Given records.
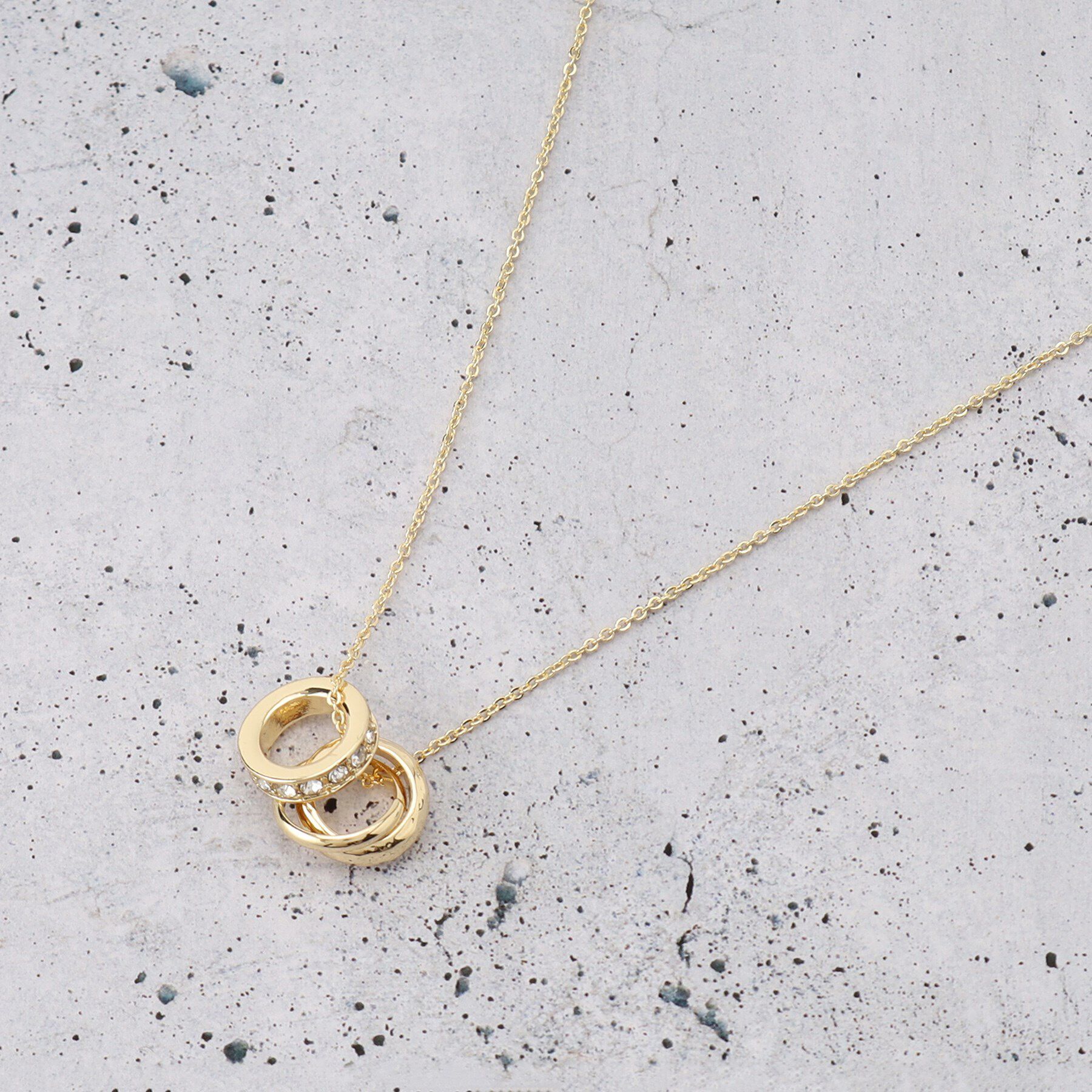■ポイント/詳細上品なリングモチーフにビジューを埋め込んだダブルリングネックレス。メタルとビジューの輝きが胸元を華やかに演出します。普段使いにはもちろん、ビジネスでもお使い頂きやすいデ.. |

---

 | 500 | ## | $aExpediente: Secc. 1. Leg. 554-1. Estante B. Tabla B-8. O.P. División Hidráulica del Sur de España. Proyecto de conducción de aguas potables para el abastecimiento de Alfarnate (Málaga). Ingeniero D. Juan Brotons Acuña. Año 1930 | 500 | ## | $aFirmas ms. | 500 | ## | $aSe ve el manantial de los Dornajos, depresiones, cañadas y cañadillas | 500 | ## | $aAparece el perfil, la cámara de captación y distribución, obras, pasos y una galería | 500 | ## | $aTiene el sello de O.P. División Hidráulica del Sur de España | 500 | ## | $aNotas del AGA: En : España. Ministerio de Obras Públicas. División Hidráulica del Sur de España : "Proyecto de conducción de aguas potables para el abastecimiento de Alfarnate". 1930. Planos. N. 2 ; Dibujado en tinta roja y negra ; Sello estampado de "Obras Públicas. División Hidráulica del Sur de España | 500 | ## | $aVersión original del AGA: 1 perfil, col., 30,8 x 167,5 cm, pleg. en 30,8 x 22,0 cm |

==

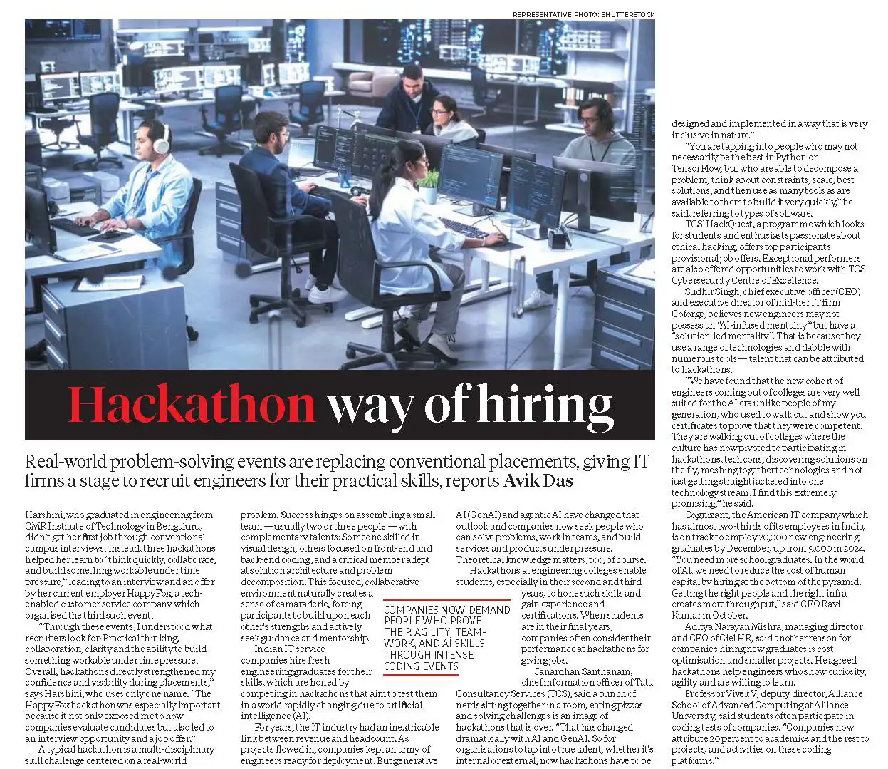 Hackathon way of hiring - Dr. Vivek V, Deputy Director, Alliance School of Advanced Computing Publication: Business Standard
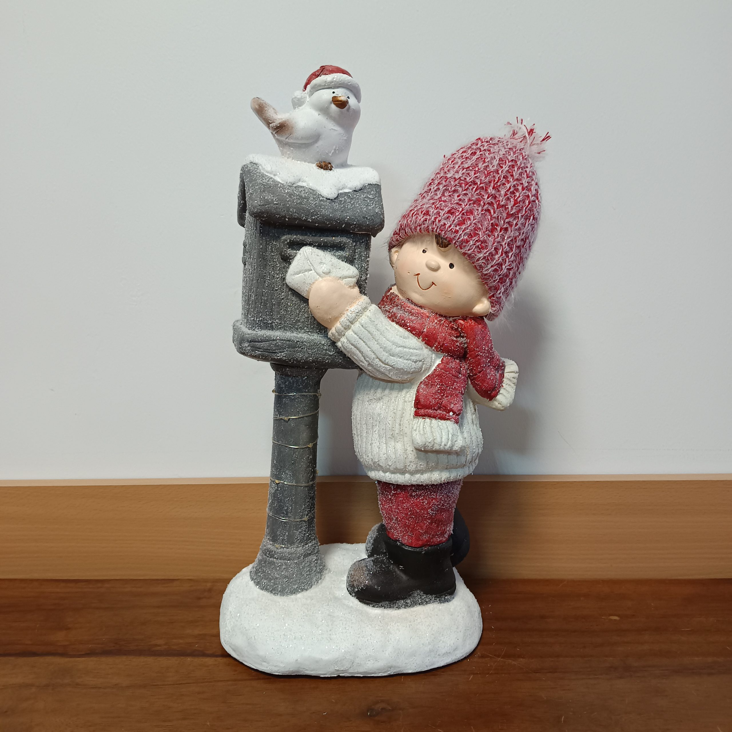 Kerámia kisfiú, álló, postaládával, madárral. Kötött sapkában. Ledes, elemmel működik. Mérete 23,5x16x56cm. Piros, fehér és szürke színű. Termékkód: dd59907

Exercise brief. Each line above that falls between the line with "Hackathon way of" and the line with "Kerámia kisfiú, álló, postaládával, madárral." should be printed exactly, together with those two lines, but the pictures should not.

Finished task.
 Hackathon way of hiring - Dr. Vivek V, Deputy Director, Alliance School of Advanced Computing Publication: Business Standard
 Kerámia kisfiú, álló, postaládával, madárral. Kötött sapkában. Ledes, elemmel működik. Mérete 23,5x16x56cm. Piros, fehér és szürke színű. Termékkód: dd59907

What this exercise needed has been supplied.